[Source data]
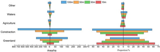 Our green space corridor level is urban land, where the land resources are scarce, which also needs to consider ecological benefits and space requirements for economic development. Therefore, it is particularly important to use the corridor buffer to determine the reasonable corridor width, to strengthen the rationale and science of the construction of green space networks. Under the premise of satisfying the migration and biological conservation functions of birds and small organisms [43], we selected the corridor buffer zone of 10 m, 30 m, 50 m, and 100 m for the width (Figure 8). We then determined appropriate corridor widths for the study area based on the proportion of different land use types within the buffer zone (Table 4 and Table 5).
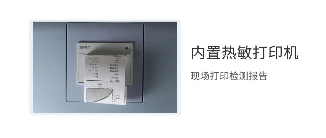 無(wú)需外接打印機(jī),內(nèi)置熱敏打印,現(xiàn)場(chǎng)打印檢測(cè)報(bào)告,機(jī)器操作更方便
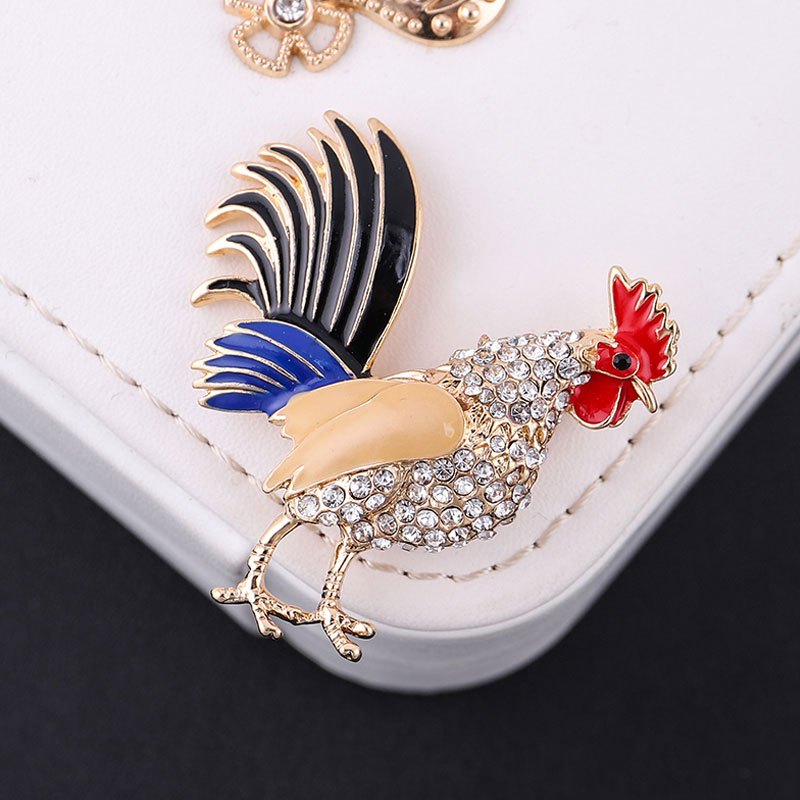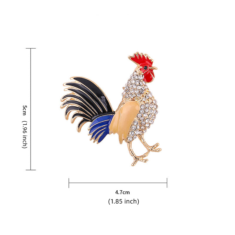 Add a touch of glamour to your outfit with this dazzling rhinestone rooster brooch. Perfect for enhancing your style.
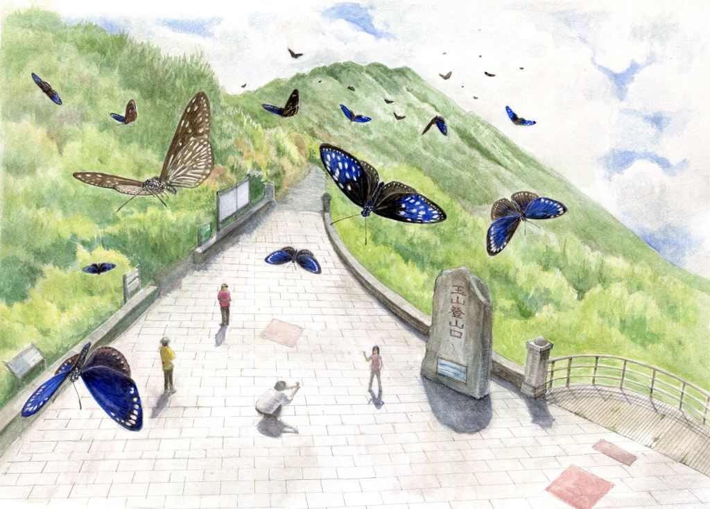 在紫斑蝶的蝶道之下,觀光客若能抬頭,就能領略地形造就的生態美景。這幅圖展現的是蝴蝶、設施與遊客造就的觀光地景。
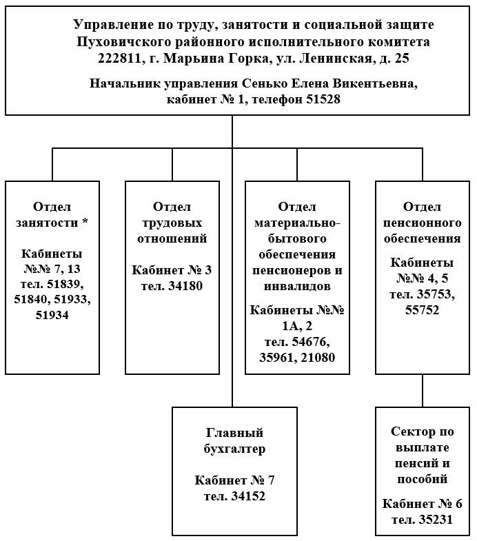 | * Отдел занятостиуправления по труду, занятости и социальной защите Пуховичского районного исполнительного комитета расположен по адресу: 222811, г. Марьина Горка, ул. Советская, д. 6 |
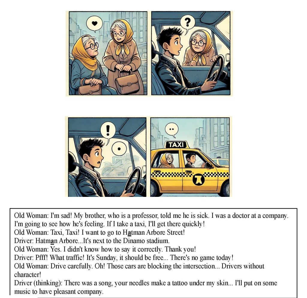 The second layer of this lesson was focused on human values. Grammatical concepts were woven into a story emphasizing compassion. Using AI, I designed a cartoon about an elderly woman taking a taxi to visit her sick brother. Words with difficult accents in Romanian, like taxi, traffic, and ill were not used in isolated sentences, but threaded through a text that encouraged emotional connection. At one point in the story, the old woman mispronounces a word, confusing the driver. This sequence was intended to highlight the importance of being polite when correcting an accent mistake.

**Activity:** From the opening line of the entries above to the line that holds "Советская, д. 6 |", inclusive, reproduce each line exactly and omit any picture.

**Exercise response:**
 Our green space corridor level is urban land, where the land resources are scarce, which also needs to consider ecological benefits and space requirements for economic development. Therefore, it is particularly important to use the corridor buffer to determine the reasonable corridor width, to strengthen the rationale and science of the construction of green space networks. Under the premise of satisfying the migration and biological conservation functions of birds and small organisms [43], we selected the corridor buffer zone of 10 m, 30 m, 50 m, and 100 m for the width (Figure 8). We then determined appropriate corridor widths for the study area based on the proportion of different land use types within the buffer zone (Table 4 and Table 5).
 無(wú)需外接打印機(jī),內(nèi)置熱敏打印,現(xiàn)場(chǎng)打印檢測(cè)報(bào)告,機(jī)器操作更方便
 Add a touch of glamour to your outfit with this dazzling rhinestone rooster brooch. Perfect for enhancing your style.
 在紫斑蝶的蝶道之下,觀光客若能抬頭,就能領略地形造就的生態美景。這幅圖展現的是蝴蝶、設施與遊客造就的觀光地景。
 | * Отдел занятостиуправления по труду, занятости и социальной защите Пуховичского районного исполнительного комитета расположен по адресу: 222811, г. Марьина Горка, ул. Советская, д. 6 |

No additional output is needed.